In the C and C++ programming languages, the comma operator (represented by the token ,) is a binary operator that evaluates its first operand and discards the result, and then evaluates the second operand and returns this value (and type); there is a sequence point between these evaluations.

Contents

The use of the comma token as an operator is distinct from its use in function calls and definitions, variable declarations, enum declarations, and similar constructs, where it acts as a separator .

Syntax

The comma operator separates expressions (which have value) in a way analogous to how the semicolon terminates statements, and sequences of expressions are enclosed in parentheses analogously to how sequences of statements are enclosed in braces: [1] (a, b, c) is a sequence of expressions, separated by commas, which evaluates to the last expression c, while {a; b; c;} is a sequence of statements, and does not evaluate to any value. A comma can only occur between two expressions – commas separate expressions – unlike the semicolon, which occurs at the end of a (non-block) statement – semicolons terminate statements.

The comma operator has the lowest precedence of any C operator, and acts as a sequence point. In a combination of commas and semicolons, semicolons have lower precedence than commas, as semicolons separate statements but commas occur within statements, which accords with their use as ordinary punctuation: a, b; c, d is grouped as (a, b); (c, d) because these are two separate statements.

The comma operator has been deprecated in subscripting expressions (as of C++20); [2] to reduce confusion, and open up the future possibility of repurposing the syntax for multidimensional array indexing.

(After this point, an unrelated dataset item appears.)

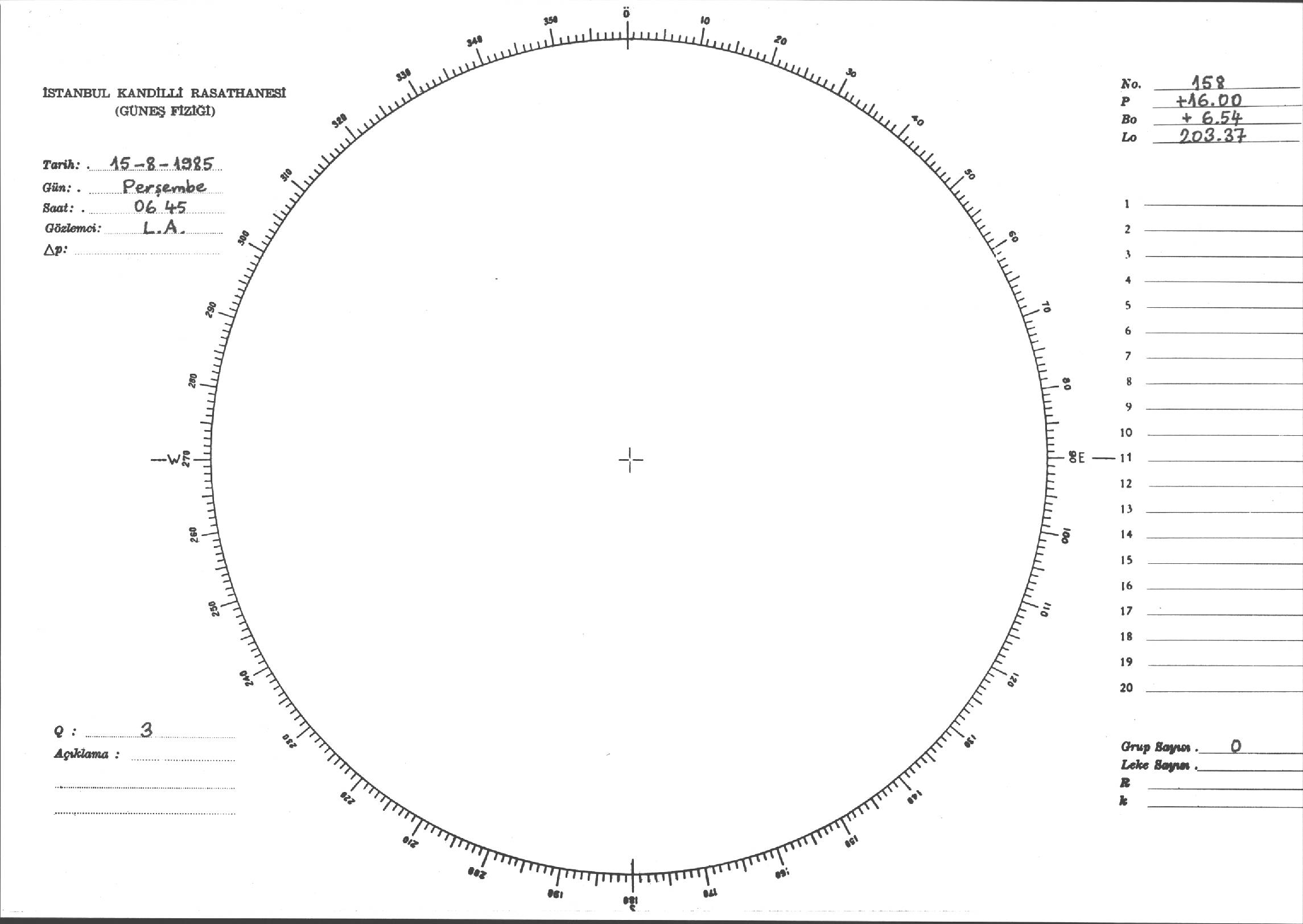 Güneş Lekesi Çizimi - 15.08.1985

In C++23, the ability to overload operator[] with multiple arguments was added making unparenthesised comma expressions unusable in subscripts. [3] The comma operator is still usable and not deprecated in this context if the comma expression is surrounded by parentheses (as in a[(b,c)]).

Examples

In this example, the differing behavior between the second and third lines is due to the comma operator having lower precedence than assignment. The last example differs as well since the return expression must be fully evaluated before the function can return.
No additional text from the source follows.